SPIDER_MODULES = ['yelp-scrapy-dev.spiders']
NEWSPIDER_MODULE = 'yelp-scrapy-dev.spiders'

{
pathlib.Path('output1.csv'):{
    'format':'csv',
},
}
ROBOTSTXT_OBEY = False

pipelines.py 代码

class YelpPipeline:
    def open_spider(self, spider):
        self.file = open('output1.csv', 'w')

    def close_spider(self, spider):
        self.file.close()
        
    def process_item(self, item, spider):
        return item

middlewares.py 代码

from scrapy import signals

# useful for handling different item types with a single interface
from itemadapter import is_item, ItemAdapter


class YelpSpiderMiddleware:
    # Not all methods need to be defined. If a method is not defined,
    # scrapy acts as if the spider middleware does not modify the
    # passed objects.

    @classmethod
    def from_crawler(cls, crawler):
        # This method is used by Scrapy to create your spiders.
        s = cls()
        crawler.signals.connect(s.spider_opened, signal=signals.spider_opened)
        return s

    def process_spider_input(self, response, spider):
        # Called for each response that goes through the spider
        # middleware and into the spider.

        # Should return None or raise an exception.
        return None

    def process_spider_output(self, response, result, spider):
        # Called with the results returned from the Spider, after
        # it has processed the response.

        # Must return an iterable of Request, or item objects.
        for i in result:
            yield i

    def process_spider_exception(self, response, exception, spider):
        # Called when a spider or process_spider_input() method
        # (from other spider middleware) raises an exception.

        # Should return either None or an iterable of Request or item objects.
        pass

    def process_start_requests(self, start_requests, spider):
        # Called with the start requests of the spider, and works
        # similarly to the process_spider_output() method, except
        # that it doesn’t have a response associated.

        # Must return only requests (not items).
        for r in start_requests:
            yield r

    def spider_opened(self, spider):
        spider.logger.info('Spider opened: %s' % spider.name)


class YelpDownloaderMiddleware:
    # Not all methods need to be defined. If a method is not defined,
    # scrapy acts as if the downloader middleware does not modify the
    # passed objects.

    @classmethod
    def from_crawler(cls, crawler):
        # This method is used by Scrapy to create your spiders.
        s = cls()
        crawler.signals.connect(s.spider_opened, signal=signals.spider_opened)
        return s

    def process_request(self, request, spider):
        # Called for each request that goes through the downloader
        # middleware.

        # Must either:
        # - return None: continue processing this request
        # - or return a Response object
        # - or return a Request object
        # - or raise IgnoreRequest: process_exception() methods of
        #   installed downloader middleware will be called
        return None

    def process_response(self, request, response, spider):
        # Called with the response returned from the downloader.

        # Must either;
        # - return a Response object
        # - return a Request object
        # - or raise IgnoreRequest
        return response

    def process_exception(self, request, exception, spider):
        # Called when a download handler or a process_request()
        # (from other downloader middleware) raises an exception.

        # Must either:
        # - return None: continue processing this exception
        # - return a Response object: stops process_exception() chain
        # - return a Request object: stops process_exception() chain
        pass

    def spider_opened(self, spider):
        spider.logger.info('Spider opened: %s' % spider.name)

城市蜘蛛的代码。
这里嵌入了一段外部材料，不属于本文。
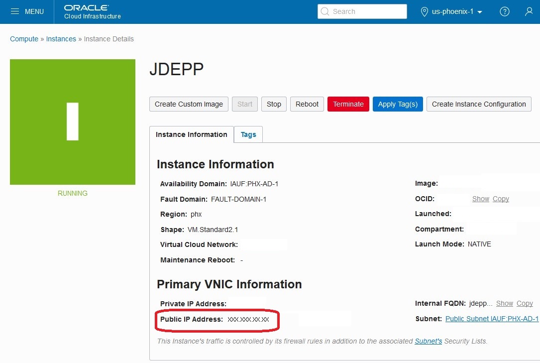 Provisioning Server Instance. This IP address is shown in the Oracle
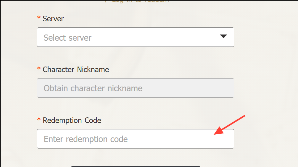 Step 5: Input the active code in the provided field. Codes are case-sensitive, so copy and paste them to avoid errors.
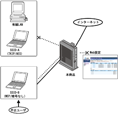 ポートセパレートを使用することによって、悪意ある第3者に、暗号化方式を「WEP」または「なし」に設定しているSSIDに不正に侵入された場合でも、被害を最小限に止めることができます。
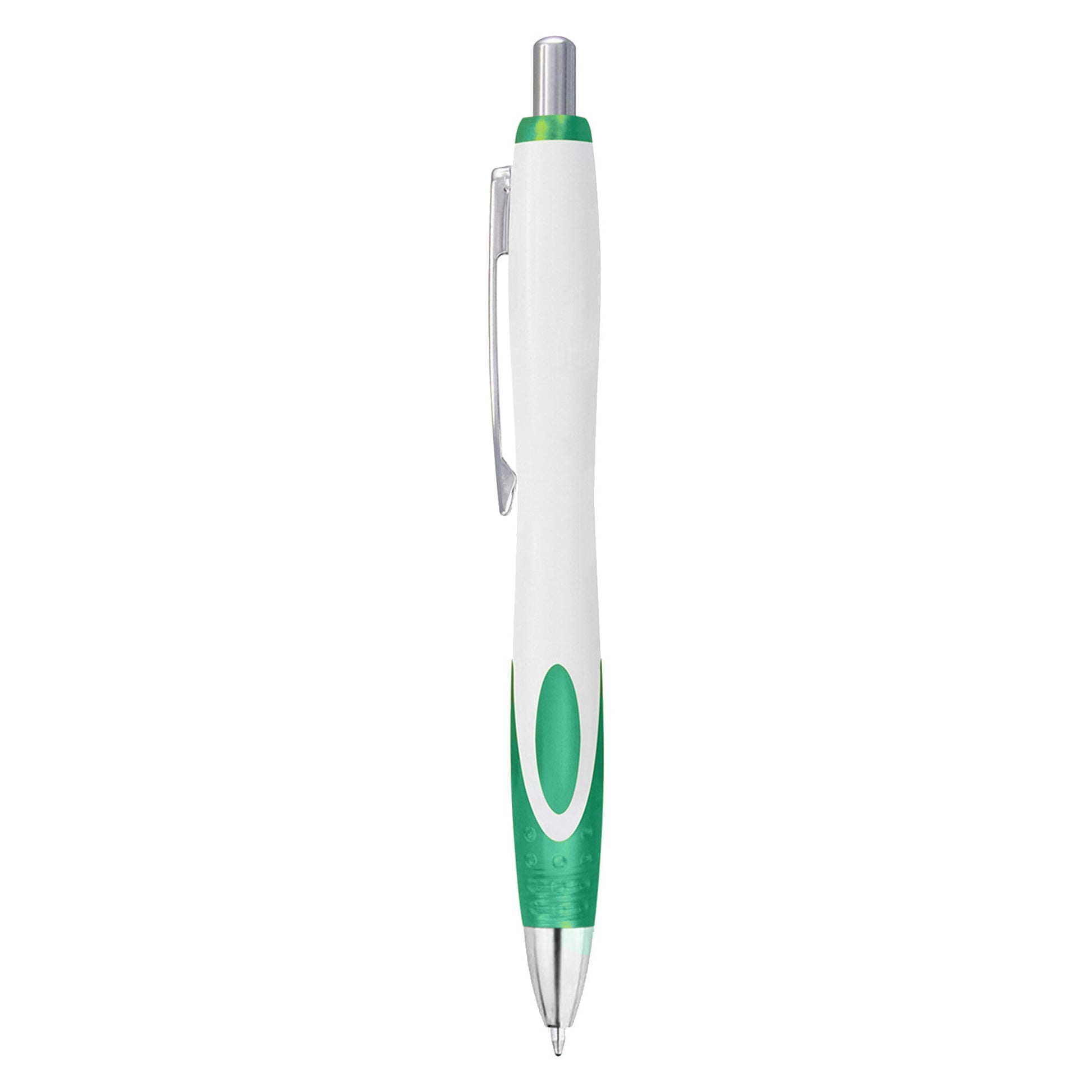 Retractable plastic pen with opaque white barrel and beautiful design of frosted translucent soft-touch grip shiny silver chrome trim. It has high quality German manufactured black ink refill 1800 meters writing distance tungsten carbide ball provides you with quality writing.
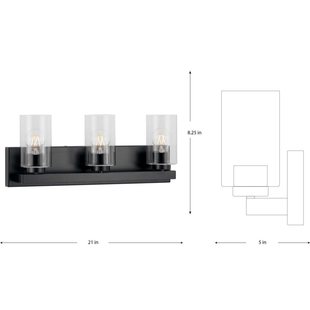 Update any bathroom with the Goodwin Vanity Light, whose clean design seamlessly blends with todays modern decor. Finished in classic matte black, its crisp lines highlight the modern profile of the rectangular backplate that supports columns of clear glass shades for bright illumination in the bath. This versatile fixture can be mounted with glass facing up or down, casting even illumination in any setting.
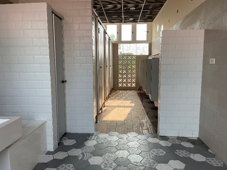 雲林縣林內國小利用整修外部牆面加大開口改採花格磚配置,引進南北照形成自然日光室的效果,打造簡潔明亮的空間品質,打破原有單調色彩,塑造自然活潑的廁所空間;台東縣綠島國小,規劃色彩豐富的隔間設計,以及入口處海洋磁磚,結合當地海洋元素,配合學校課程發展,展現綠島海洋綠地與自然生物和諧共處一面。
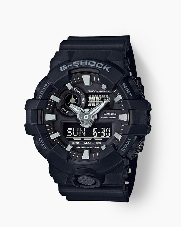 An analog-digital combination GA-700 model from G-SHOCK, which continues to pursue toughness and evolve. Improves readability using bold hands that are thick and powerful like carved metal, created using proprietary resin molding technology for the three-dimensional hour and minute hands. It also features a 3D face design achieved by making the dial ring and indices three dimensional to create synergy with the bold hands. Finished in colors that go well with classic street fashion items such as sweatshirts and hoodies. The colors are suitable for standard outfits and give you more options with casualwear.
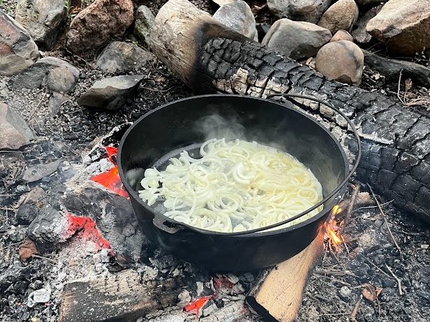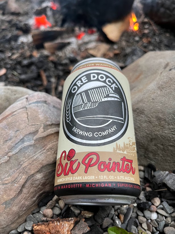 We have a large cast iron pan specifically for cooking over the campfire, which is a nice bed of coals from local hardwoods. After the onions simmer in butter until they are starting to slightly caramelize on the edges, we add about a 1/2 cup of a dark lager to steam the onions a bit more and prevent burning over the fire. In this case we used Six Pointer, a Munich dark from Iron Dock Brewing which we picked up at the brewer while in Marquette.
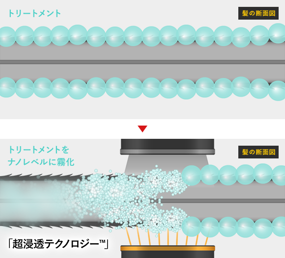超音波の力を使ってトリートメントをしっかり髪の内部まで浸透させて最大限引き出すアイテム
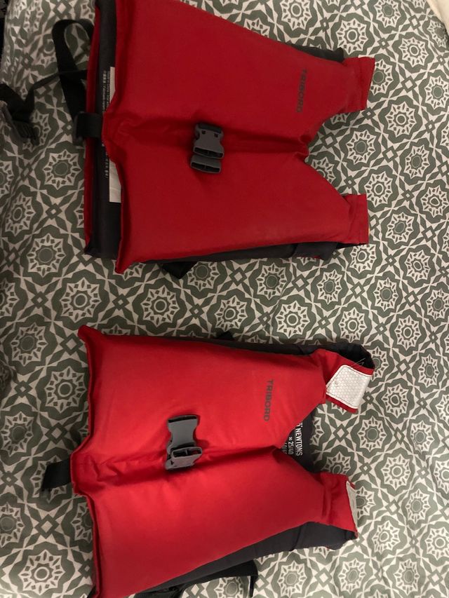 Detalles del productoChaleco salvavidas de la marca TRIBORD, diseñado para niños. Es de color rojo y cuenta con cierres de seguridad.
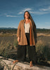 A favourite coat style with a standing collar, beautiful drape and added quilting. This version features 2 layers of handwoven and naturally dyed cotton with cotton flannel inside for additional warmth this season. Hand-carved horn buttons down the front and deep side pockets.
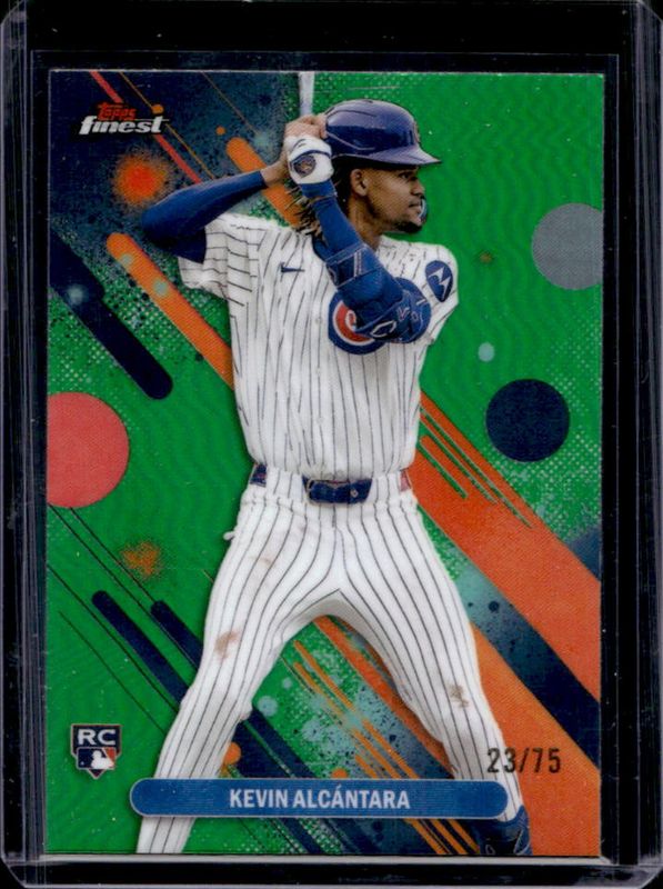 The Kevin Alcantara 2025 Topps Finest #33 Base Common - Green Refractor /75 Rookie card is 1 of 157 Kevin Alcantara's card variations in the 2025 Topps Finest set being tracked by Sports Card Investor, including Common, Rare, Uncommon, Common - Checkerboard Refractor, and Common - Refractor.

蜘蛛从指定的 URL 收集评论

import scrapy
from ..items import YelpItem

# currently will grab the first 100 reviews from the first 10 businesses from start url
class CitySpider(scrapy.Spider):

    name = 'city'
    start_urls = [
        'https://www.yelp.com/search?find_desc=&find_loc=Seattle%2C+WA',
        'https://www.yelp.com/search?find_desc=&find_loc=SanFrancisco%2C+CA',
        'https://www.yelp.com/search?find_desc=&find_loc=NewYork%2C+NY',
        'https://www.yelp.com/search?find_desc=&find_loc=Dallas%2C+TX',
        'https://www.yelp.com/search?find_desc=&find_loc=Atlanta%2C+GA',
    ]

    # gets the first 10 businesses from the start url
    def parse(self, response):
        
        business_pages = response.css('.text-weight--bold__373c0__1elNz a')
        yield from response.follow_all(business_pages, self.parse_business)

    # extracts the first 100 reviews from the yelp-scrapy-dev business
    def parse_business(self, response):

        items = YelpItem()
        all_reviews = response.css('.sidebarActionsHoverTarget__373c0__2kfhE')
        
        address = response.request.url.split('?')
        src = address[0].split('/')
        biz = src[-1].split('-')
        loc = biz[-1] if not biz[-1].isdigit() else biz[-2]
        if loc == 'seattle':
            city = 'Seattle, WA'
        elif loc == 'dallas':
            city = 'Dallas, TX'
        elif loc == 'francisco':
            city = 'San Francisco, CA'
        elif loc == 'york':
            city = 'New York, NY'
        elif loc == 'atlanta':
            city = 'Atlanta, GA'
        else:
            city = 'outofrange'

        for review in all_reviews:
            name = review.css('.link-size--inherit__373c0__1VFlE::text').extract_first()
            name_url = review.css('.link-size--inherit__373c0__1VFlE::attr(href)').extract_first().split('=')
            rating = review.css('.overflow--hidden__373c0__2y4YK::attr(aria-label)').extract()
            date = review.css('.arrange-unit-fill__373c0__3Sfw1 .text-color--mid__373c0__jCeOG::text').extract()
            review_text = review.css('.raw__373c0__3rKqk::text').extract()
            user_pic = review.css('.gutter-1__373c0__2l5bx .photo-box-img__373c0__35y5v::attr(src)').extract()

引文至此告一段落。